Recently, I have been unhappy with Spotify's service for a number of reasons. I have also been unimpressed with the streaming alternatives for my use cases - which are admittedly very niche.
For the first time since I was at school, I found myself wanting to buy some music again. The only problem was that I didn't know what the best buys would be. I listen to playlists and tracks in random orders and amounts, so I have a poor idea of about what my favorite albums are.
I wanted to find albums which I have listened to a lot, but also where I'd listened to all the tracks a good amount. Luckily I have a BigQuery table with 10 years of play data in it.
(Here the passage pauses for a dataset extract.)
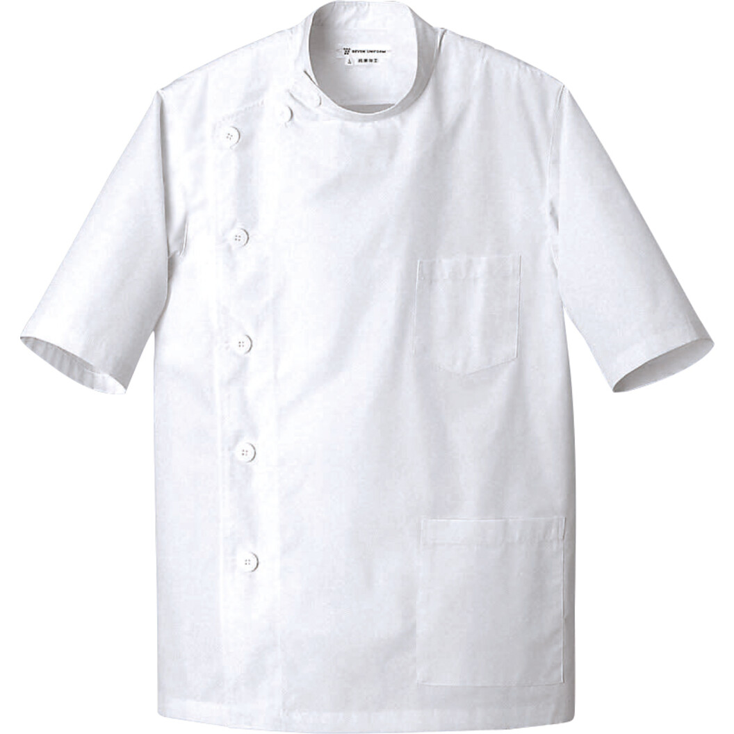 コートとしては薄手ですのでやや軽めの着心地感を得られ、生地のハリコシによりきちんと見えるメディカルタイプです。前はスタンドカラーから繋がる右身頃、後ろは共布ベルトの上下にタックディティールが施されているところがデザインポイント。後ろタック上は腕を楽に大きく動かせ、ベルト下のタックはヒップ周りのゆとりになっています。薬局や美容系、近年では給食など中食白衣までと幅広く使用されております。抗菌防臭加工あり。5分袖。左見頃の胸と腰にポケットあり。男女兼用。

After some fiddling, I came up with the following query:
WITH distinct_tracks AS ( SELECT DISTINCT track, album, artist FROM `charlieegan3-music-001.music.enriched` WHERE album != ""), candidate_albums AS ( SELECT album, artist FROM distinct_tracks GROUP BY album, artist HAVING COUNT(track) > 3), play_counts AS ( SELECT COUNT(created_at) AS count, track, plays.artist AS artist, plays.album AS album FROM `charlieegan3-music-001.music.enriched` AS plays JOIN candidate_albums ON candidate_albums.album = plays.album AND candidate_albums.artist = plays.artist GROUP BY track, plays.artist, plays.album ORDER BY count DESC), summary_data AS ( SELECT PERCENTILE_CONT(count, 0.5) OVER(PARTITION BY album, artist) AS median, MAX(count) OVER (PARTITION BY album, artist) AS max, MIN(count) OVER (PARTITION BY album, artist) AS min, SUM(count) OVER (PARTITION BY album, artist) AS total_plays, count, track, artist, album FROM play_counts ) SELECT album, artist, median AS median_plays, track AS top_track, count AS top_track_plays, min AS bottom_track_plays, total_plays AS album_total_plays FROM summary_data WHERE count = max AND min > 3 ORDER BY median DESC
Since I have no record of the actual total tracks for an album, I use
to select albums where more than three tracks have been played. I also require that the
least played track has been played more than three times.
This does a good job of filtering out albums where I have only listened to a single track many hundreds of times. I'm happy with the list, and will probably buy a few of these to play in Doppler.